▸ **TASK OBJECTIVE**: Please retype the data in full and exactly; the pictures are not part of the copy.

▸ **SUPPLIED INFORMATION**:

----------

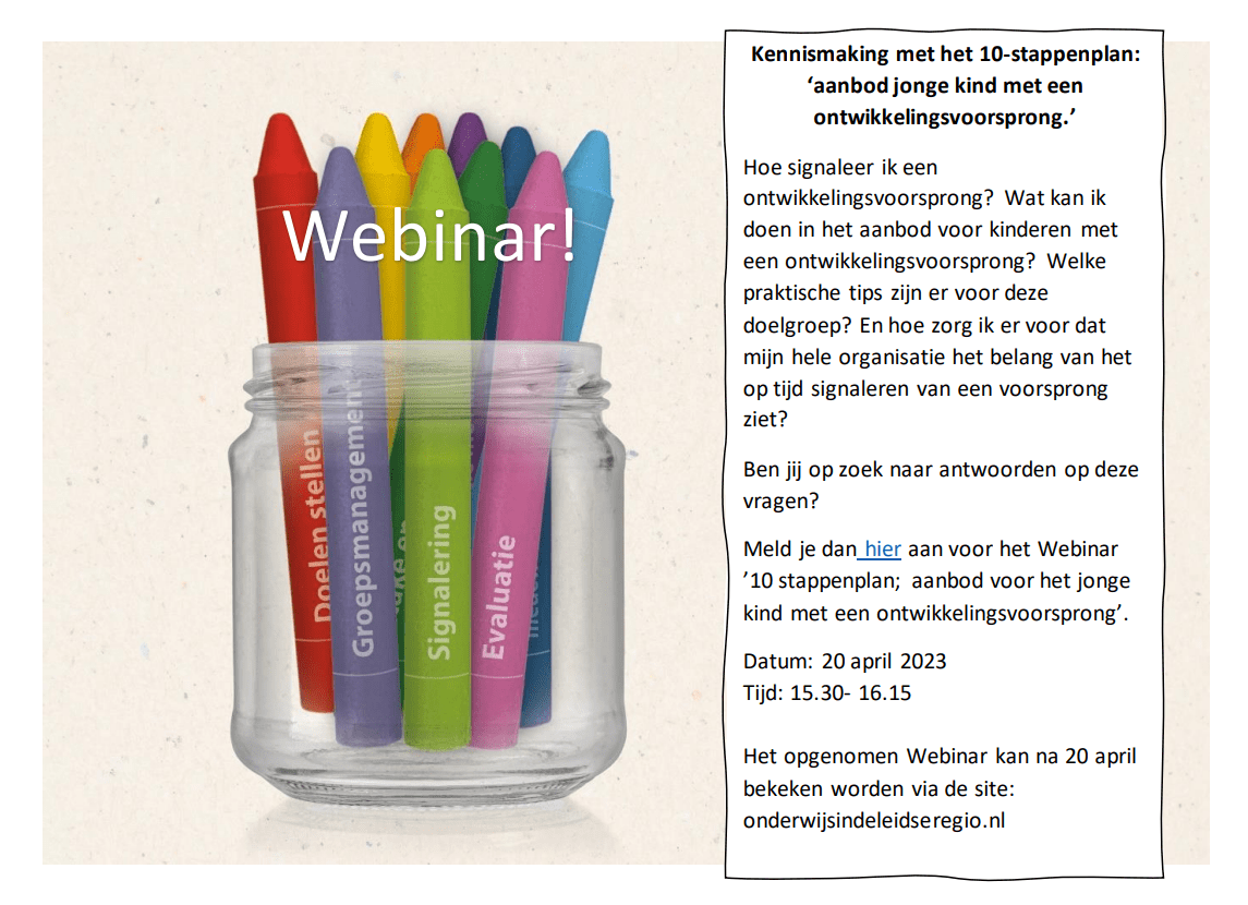 OnlineOp donderdag 20 april wordt vanuit het project 'begaafde leerling' van de Leidse Aanpak/ Het LEF een Webinar gegeven over het 10-stappenplan: aanbod jonge kind met een ontwikkelingsvoorsprong. Tijdens het Webinar leer je hoe je het 10-stappenplan kan gebruiken. In twee break-out rooms zal uit elkaar gegaan worden om dieper op de stappen Aanbod en […]
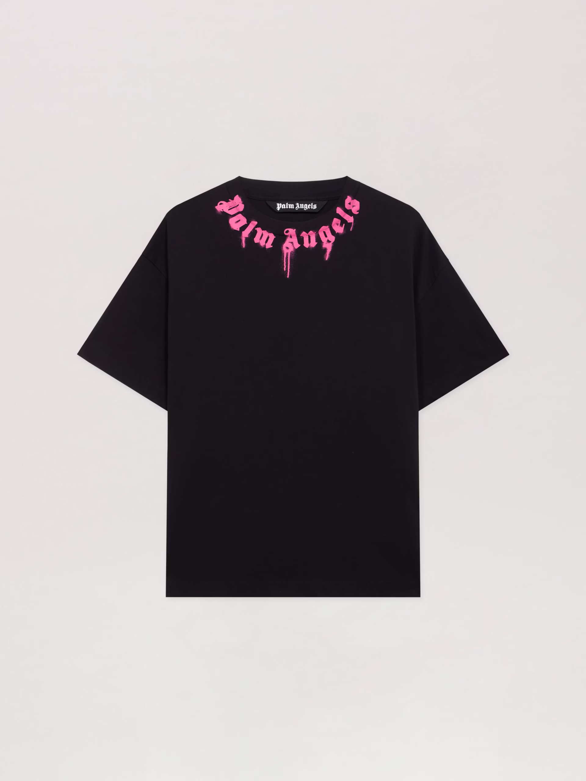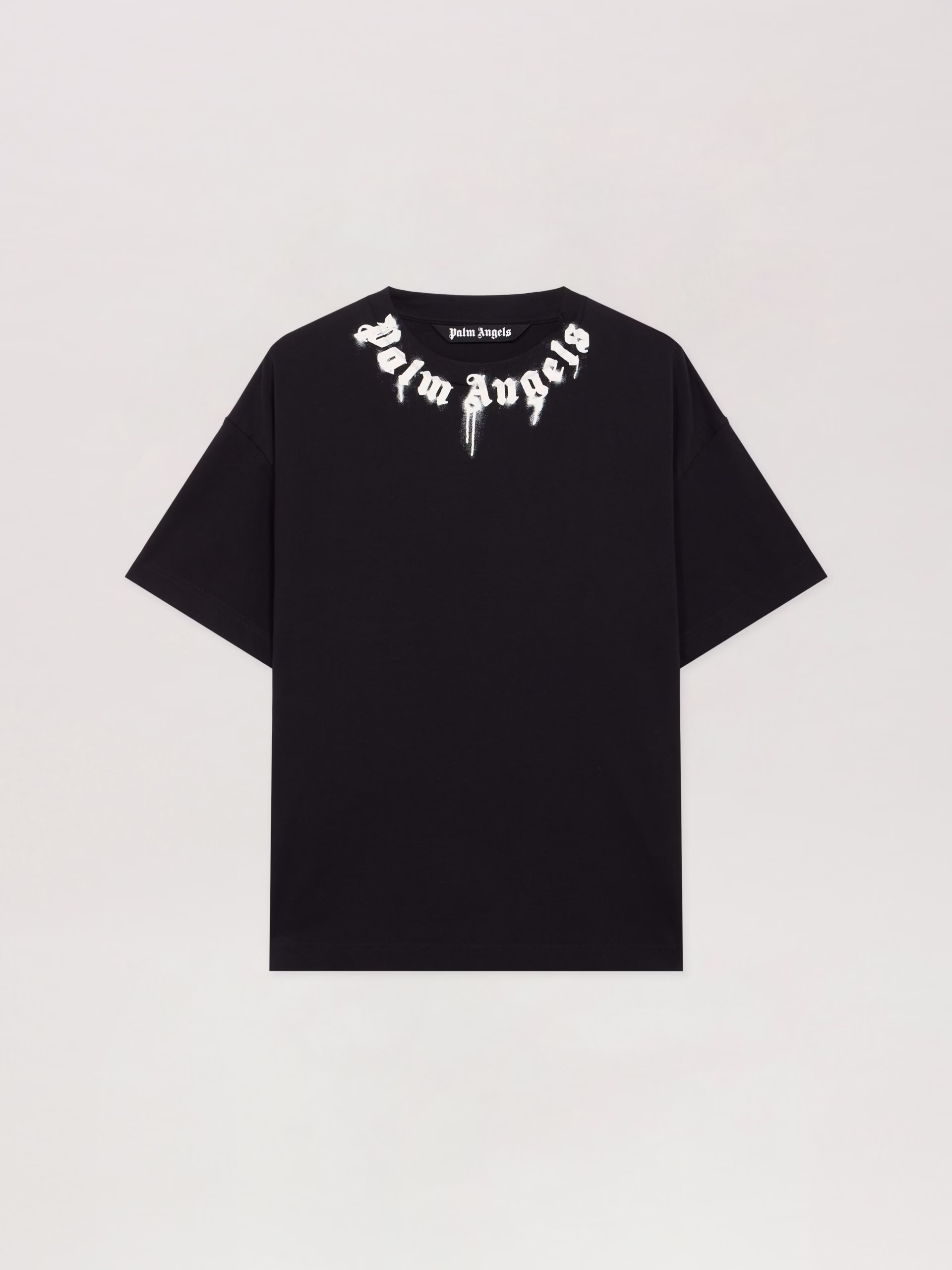 Short-sleeve cotton t-shirt featuring a bold spray logo at the neckline.Ribbed crew neckShor
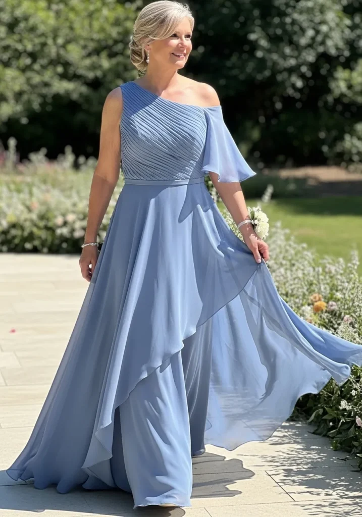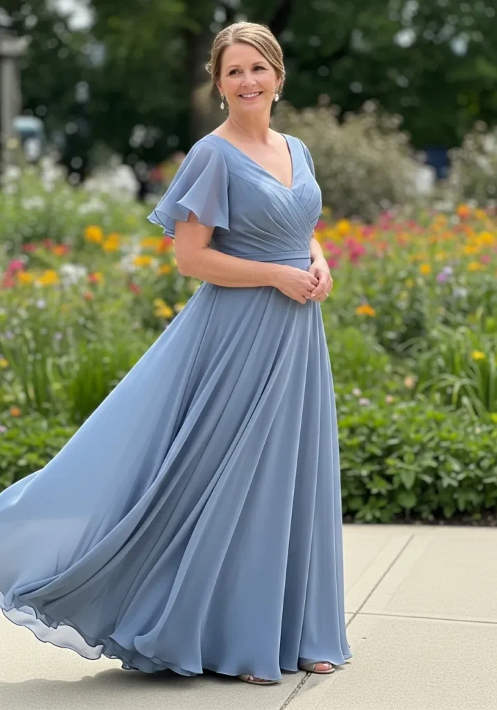 This dusty blue chiffon gown showcases a softly pleated bodice, relaxed flutter sleeves, and a long flowing skirt that creates graceful movement and a calm, airy presence.

----------

▸ **YOUR SOLUTION**:
 OnlineOp donderdag 20 april wordt vanuit het project 'begaafde leerling' van de Leidse Aanpak/ Het LEF een Webinar gegeven over het 10-stappenplan: aanbod jonge kind met een ontwikkelingsvoorsprong. Tijdens het Webinar leer je hoe je het 10-stappenplan kan gebruiken. In twee break-out rooms zal uit elkaar gegaan worden om dieper op de stappen Aanbod en […]
 Short-sleeve cotton t-shirt featuring a bold spray logo at the neckline.Ribbed crew neckShor
 This dusty blue chiffon gown showcases a softly pleated bodice, relaxed flutter sleeves, and a long flowing skirt that creates graceful movement and a calm, airy presence.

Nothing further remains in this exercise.